> About this task
Only the lines below from the one containing "クリスマスの準備の様子" through the one containing "Pour impressionner ses" belong in the answer, set down exactly, with the pictures left out.

-- Extracted records follows --

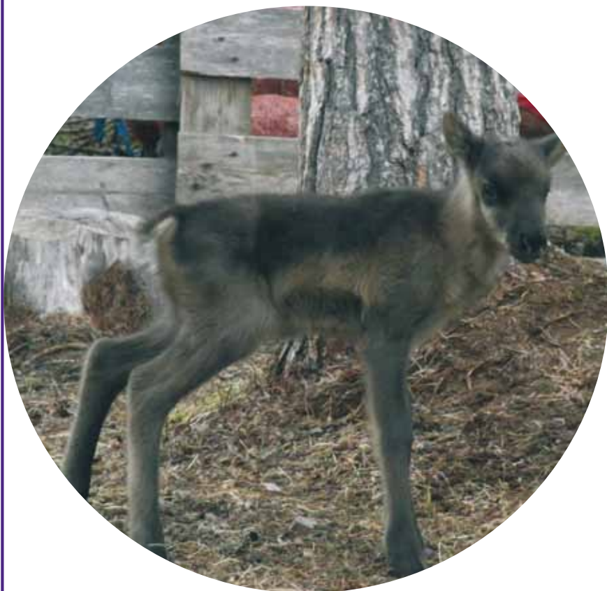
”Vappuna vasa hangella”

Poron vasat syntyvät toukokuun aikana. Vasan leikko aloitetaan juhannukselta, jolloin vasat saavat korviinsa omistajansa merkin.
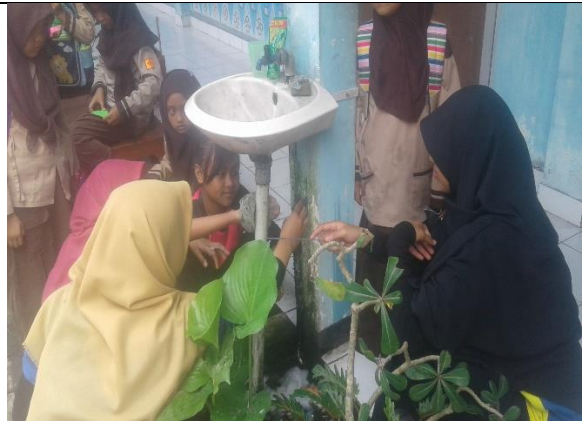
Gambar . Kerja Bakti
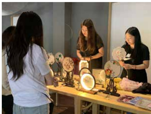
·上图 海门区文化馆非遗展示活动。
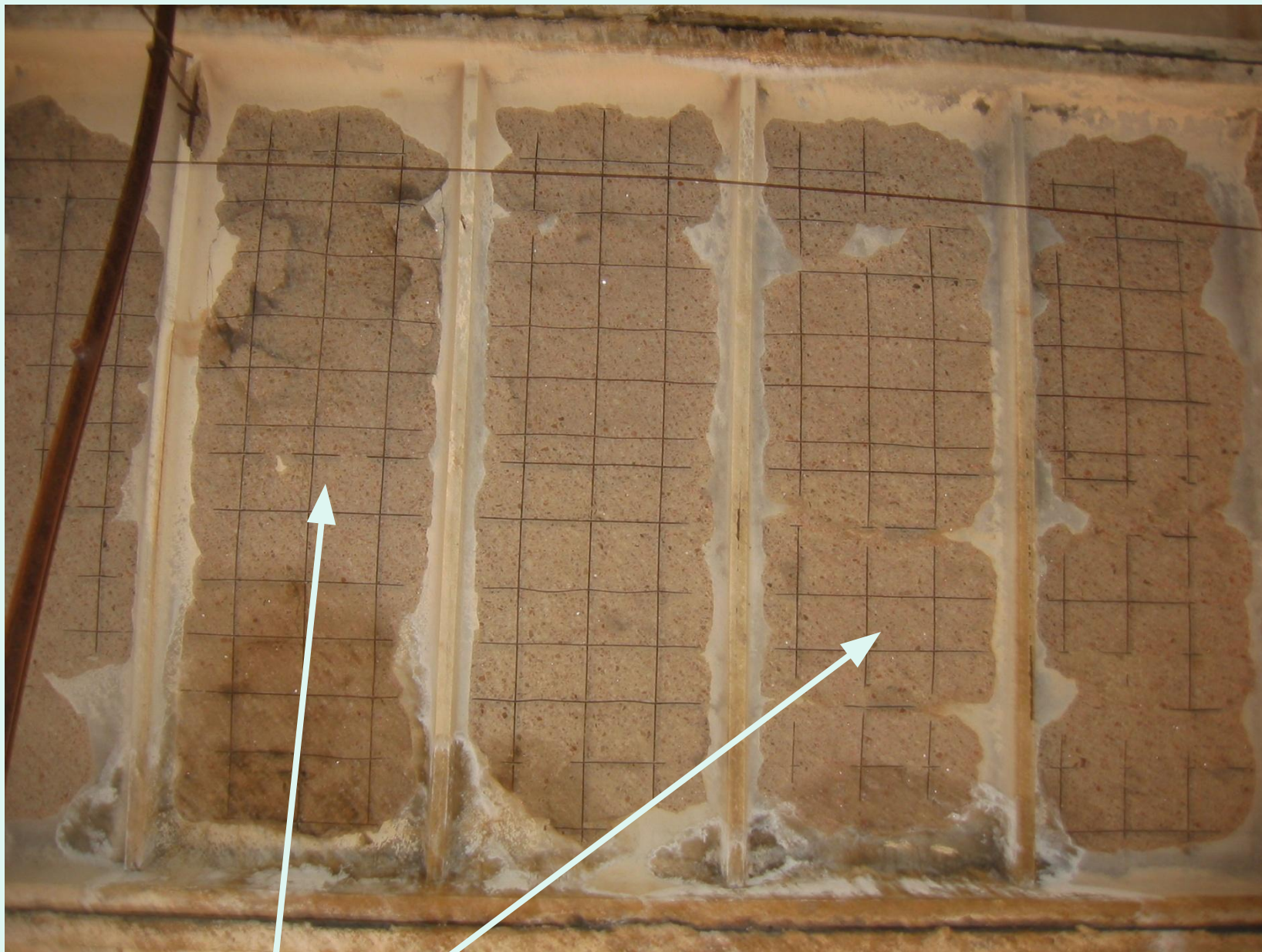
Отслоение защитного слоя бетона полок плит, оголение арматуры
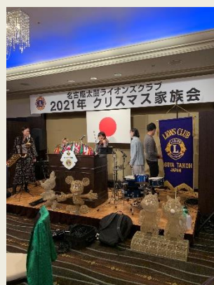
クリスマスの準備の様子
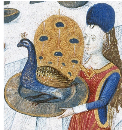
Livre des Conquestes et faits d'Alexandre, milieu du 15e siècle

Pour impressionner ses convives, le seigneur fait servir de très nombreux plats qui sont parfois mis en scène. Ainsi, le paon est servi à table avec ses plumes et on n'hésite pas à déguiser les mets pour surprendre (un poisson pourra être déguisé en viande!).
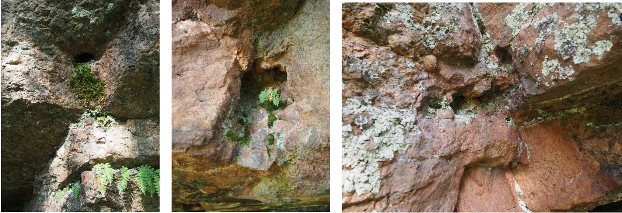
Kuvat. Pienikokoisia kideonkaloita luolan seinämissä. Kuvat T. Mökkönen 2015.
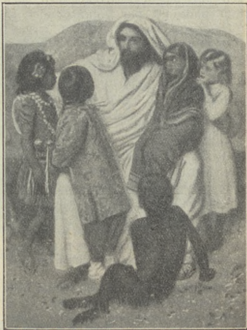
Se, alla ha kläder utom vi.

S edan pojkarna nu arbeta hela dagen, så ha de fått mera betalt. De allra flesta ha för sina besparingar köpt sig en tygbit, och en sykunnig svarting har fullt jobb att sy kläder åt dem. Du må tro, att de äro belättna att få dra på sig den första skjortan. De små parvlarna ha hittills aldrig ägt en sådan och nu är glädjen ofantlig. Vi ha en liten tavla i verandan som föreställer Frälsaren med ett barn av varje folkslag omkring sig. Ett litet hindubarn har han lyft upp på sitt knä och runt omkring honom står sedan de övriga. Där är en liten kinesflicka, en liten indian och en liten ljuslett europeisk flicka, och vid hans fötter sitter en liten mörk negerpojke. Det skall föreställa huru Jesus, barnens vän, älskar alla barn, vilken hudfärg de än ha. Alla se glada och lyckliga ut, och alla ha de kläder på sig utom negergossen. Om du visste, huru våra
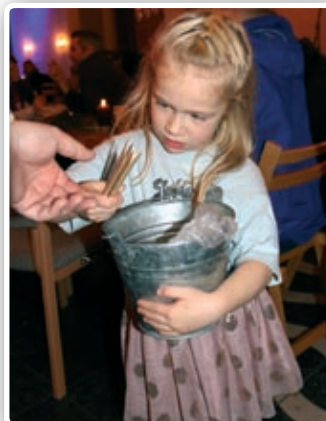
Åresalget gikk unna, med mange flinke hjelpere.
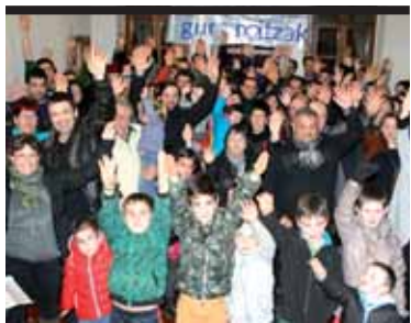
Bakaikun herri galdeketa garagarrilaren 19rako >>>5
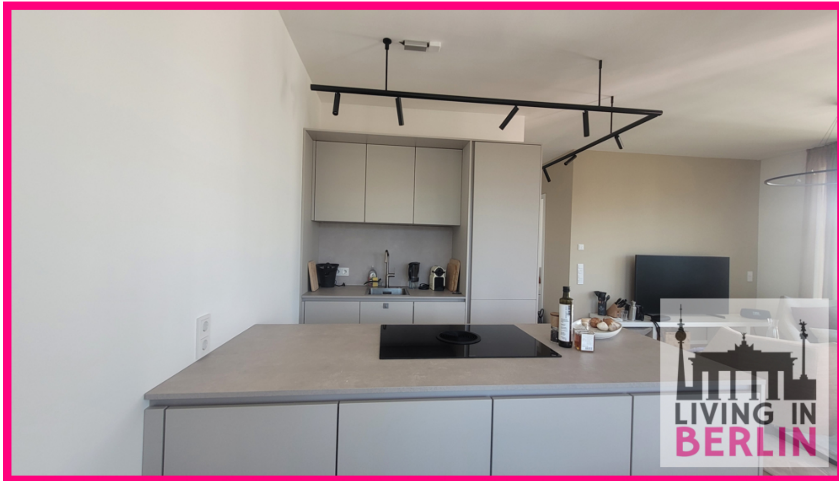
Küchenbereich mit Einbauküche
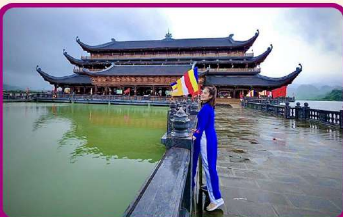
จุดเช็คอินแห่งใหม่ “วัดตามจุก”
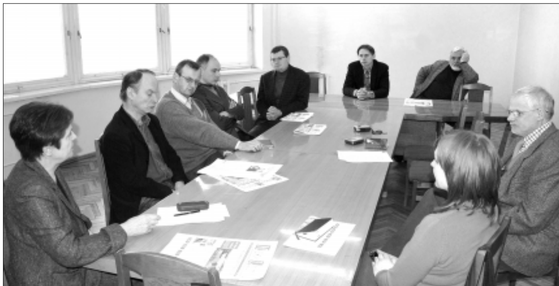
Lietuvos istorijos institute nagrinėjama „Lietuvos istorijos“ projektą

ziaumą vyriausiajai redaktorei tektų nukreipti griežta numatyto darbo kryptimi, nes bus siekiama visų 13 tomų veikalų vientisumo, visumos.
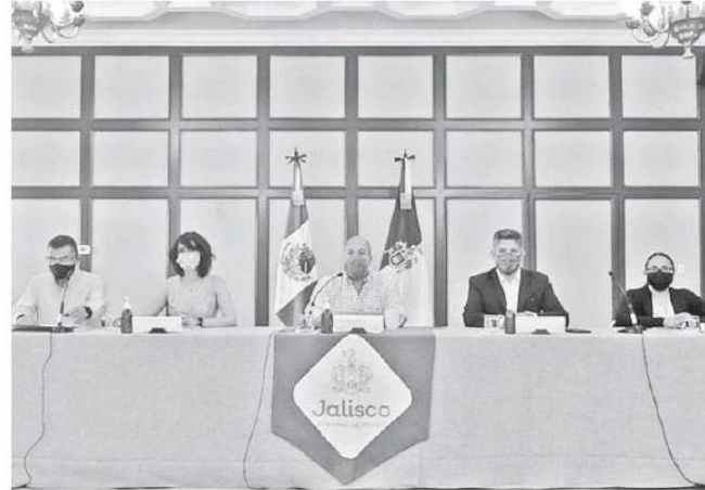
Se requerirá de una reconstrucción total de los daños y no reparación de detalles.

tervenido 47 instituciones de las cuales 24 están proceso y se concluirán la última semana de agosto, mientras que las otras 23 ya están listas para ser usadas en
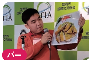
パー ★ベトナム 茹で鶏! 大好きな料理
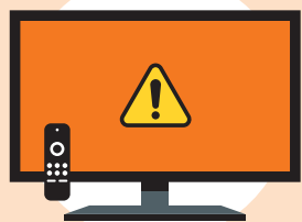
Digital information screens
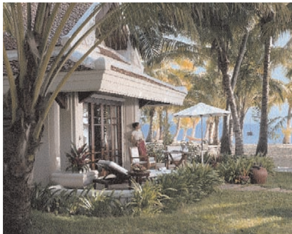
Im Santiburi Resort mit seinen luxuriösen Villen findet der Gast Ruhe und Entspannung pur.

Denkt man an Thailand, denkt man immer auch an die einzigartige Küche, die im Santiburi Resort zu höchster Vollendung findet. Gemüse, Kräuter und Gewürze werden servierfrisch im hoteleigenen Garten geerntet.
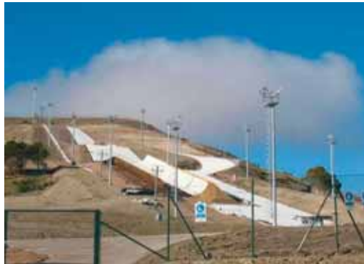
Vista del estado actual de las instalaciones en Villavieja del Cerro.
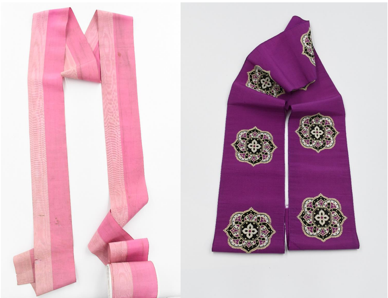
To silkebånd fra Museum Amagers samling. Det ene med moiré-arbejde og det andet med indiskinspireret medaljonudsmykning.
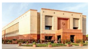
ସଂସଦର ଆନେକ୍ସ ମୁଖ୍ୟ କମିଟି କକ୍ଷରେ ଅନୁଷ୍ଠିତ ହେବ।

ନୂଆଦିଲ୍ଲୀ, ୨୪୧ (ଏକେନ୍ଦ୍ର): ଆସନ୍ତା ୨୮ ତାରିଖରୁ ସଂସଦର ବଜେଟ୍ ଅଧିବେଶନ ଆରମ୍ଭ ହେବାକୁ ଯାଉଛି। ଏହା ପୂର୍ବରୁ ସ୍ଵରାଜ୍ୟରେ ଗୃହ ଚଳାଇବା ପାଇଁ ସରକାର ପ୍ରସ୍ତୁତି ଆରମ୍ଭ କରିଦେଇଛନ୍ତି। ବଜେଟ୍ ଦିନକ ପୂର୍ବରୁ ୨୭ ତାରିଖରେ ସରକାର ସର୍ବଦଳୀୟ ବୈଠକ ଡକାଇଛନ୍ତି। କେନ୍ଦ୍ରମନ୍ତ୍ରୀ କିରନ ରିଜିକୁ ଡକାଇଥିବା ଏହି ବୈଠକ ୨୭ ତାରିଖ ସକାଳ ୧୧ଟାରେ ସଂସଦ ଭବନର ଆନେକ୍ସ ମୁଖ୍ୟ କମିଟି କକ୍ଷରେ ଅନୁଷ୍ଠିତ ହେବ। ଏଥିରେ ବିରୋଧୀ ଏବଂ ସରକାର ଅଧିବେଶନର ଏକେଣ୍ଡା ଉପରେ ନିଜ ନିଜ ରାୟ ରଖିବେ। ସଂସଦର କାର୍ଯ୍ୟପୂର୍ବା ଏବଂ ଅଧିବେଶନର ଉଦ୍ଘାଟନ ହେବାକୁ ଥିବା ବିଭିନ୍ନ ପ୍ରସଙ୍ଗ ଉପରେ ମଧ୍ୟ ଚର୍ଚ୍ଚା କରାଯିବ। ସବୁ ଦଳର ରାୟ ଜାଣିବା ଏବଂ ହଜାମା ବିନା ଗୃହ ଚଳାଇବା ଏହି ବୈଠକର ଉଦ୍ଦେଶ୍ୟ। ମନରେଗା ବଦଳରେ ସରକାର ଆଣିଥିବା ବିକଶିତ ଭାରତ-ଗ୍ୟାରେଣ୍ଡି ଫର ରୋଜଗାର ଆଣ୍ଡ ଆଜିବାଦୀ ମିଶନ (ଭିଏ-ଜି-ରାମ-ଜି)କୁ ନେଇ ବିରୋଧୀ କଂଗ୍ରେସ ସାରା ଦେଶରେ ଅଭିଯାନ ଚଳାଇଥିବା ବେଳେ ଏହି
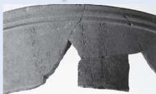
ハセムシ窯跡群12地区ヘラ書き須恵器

-- Extracted records concluded --

> Response
クリスマスの準備の様子
Livre des Conquestes et faits d'Alexandre, milieu du 15e siècle

Pour impressionner ses convives, le seigneur fait servir de très nombreux plats qui sont parfois mis en scène. Ainsi, le paon est servi à table avec ses plumes et on n'hésite pas à déguiser les mets pour surprendre (un poisson pourra être déguisé en viande!).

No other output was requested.